U.S. states have taken varied approaches to licensing cannabis businesses under federal prohibition, but up to now, there is limited research on cross-state licensing approaches. This paper provides a systematic analysis of the current licensing strategies taken by all states that have passed medical cannabis laws (MCLs)/recreational cannabis laws (RCLs).

The researchers construct comprehensive data on cannabis business licenses offered in each state, as well as metrics for license categories, cost, and issuance volume. They then analyze patterns between these metrics, also considering how long ago states implemented MCLs/RCLs, qualitative licensing aspects, state ideology and voting preference, and state cannabis taxation data.

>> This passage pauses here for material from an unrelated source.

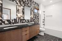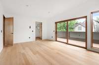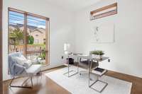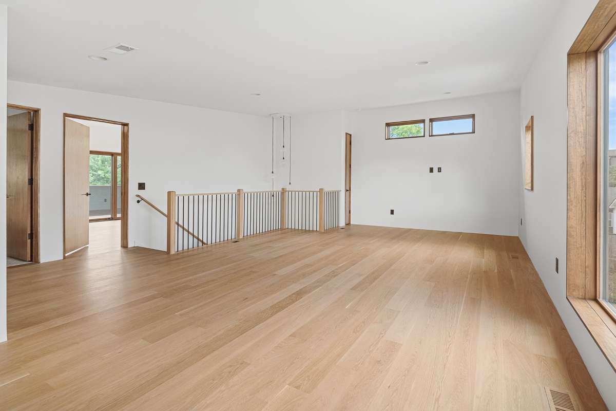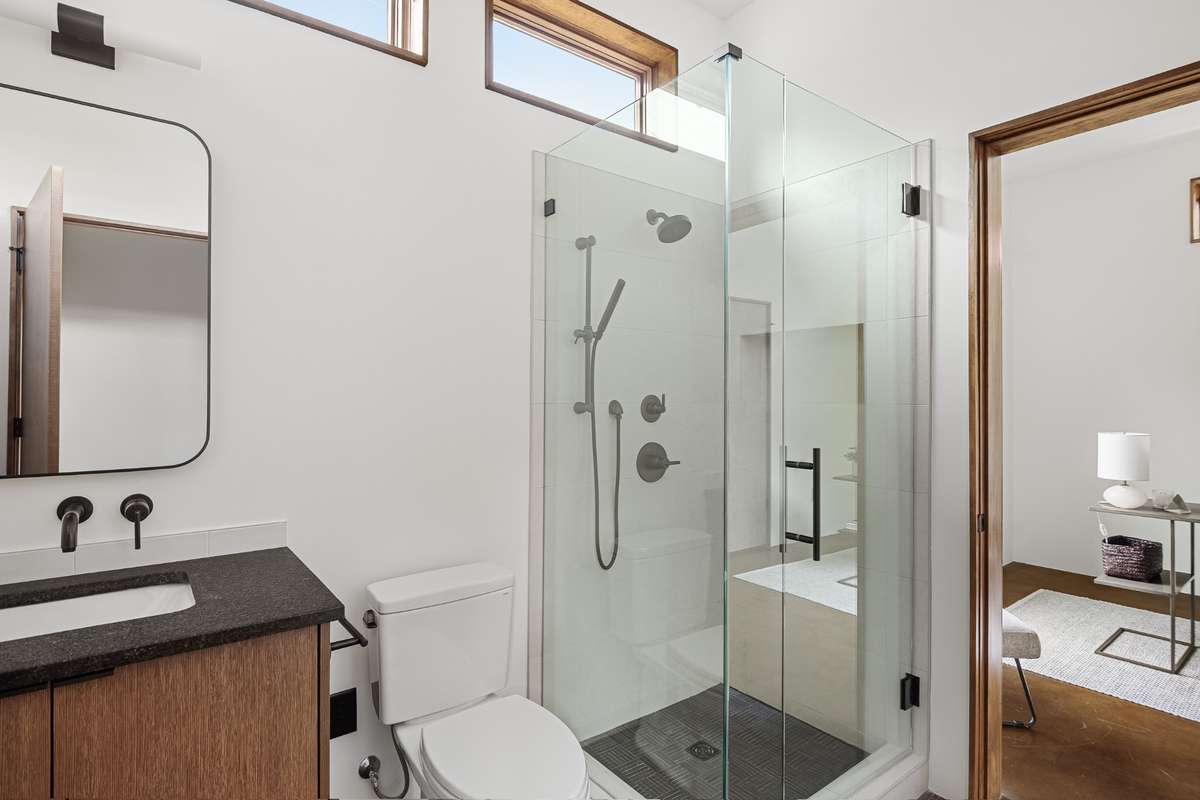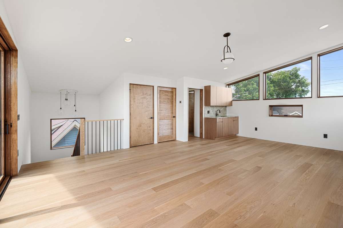 The main residence features 4 bedrooms, including a spacious second- floor primary suite, plus a third- floor flex space with a wet bar, full bath, and a terrace offering views of downtown Nashville. High- end finishes run throughout, including white oak flooring, custom cabinetry, polished concrete, and floor- to- ceiling Pella windows and doors.
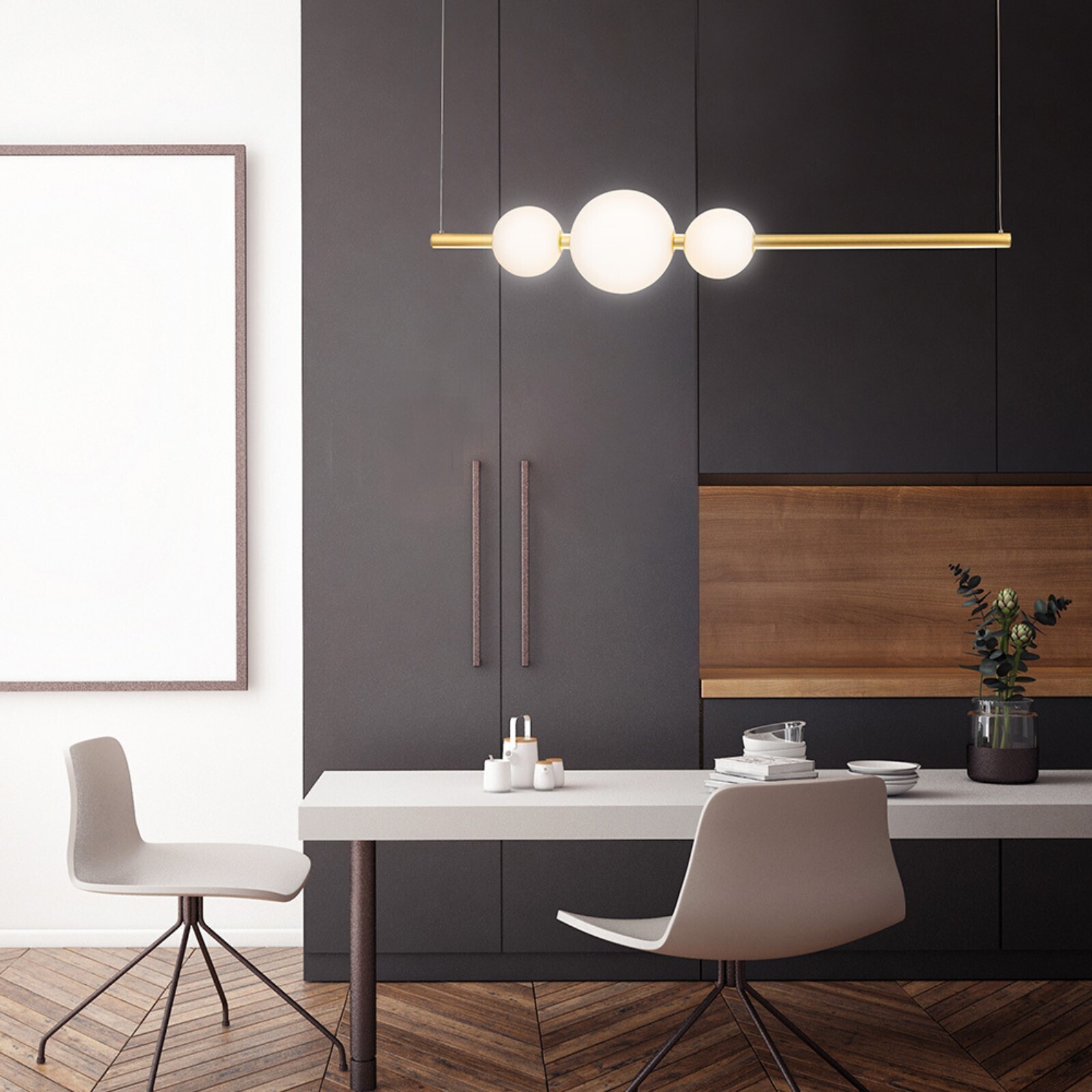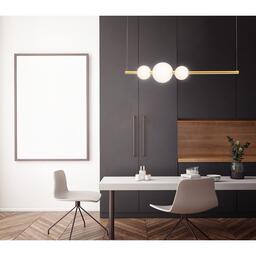 Чрезвычайно современная и концептуальная серия подвесных светильников, которые не только создадут неповторимую атмосферу, но и станут ярким акцентом в интерьере. Арматура изготовлена из металла. Светящийся стержень пронизывает стеклянные шары. В качестве источника света использованы интегрированные SMD-светодиоды. Модели серии представлены в двух размерах. Высота подвесных светильников регулируется длиной тросов.

They observe that states tend to license medical cannabis more restrictively than adult-use cannabis: i.e., by offering licenses in fewer categories, at a higher cost, in lower issuance volume, and more often mandating vertical integration. Additionally, states that implemented MCLs/RCLs earlier tend to offer licenses in more categories, at lower cost, and in greater volumes. Further, though states that implemented MCLs recently lean conservative and Republican, the study does not observe clear relationships between ideology or voting preference and licensing policy. In the supporting results, they observe that a greater share of states with complex licensing structures impose non-retail price cannabis taxes than states overall, and they discuss how states have changed their licensing policies over time.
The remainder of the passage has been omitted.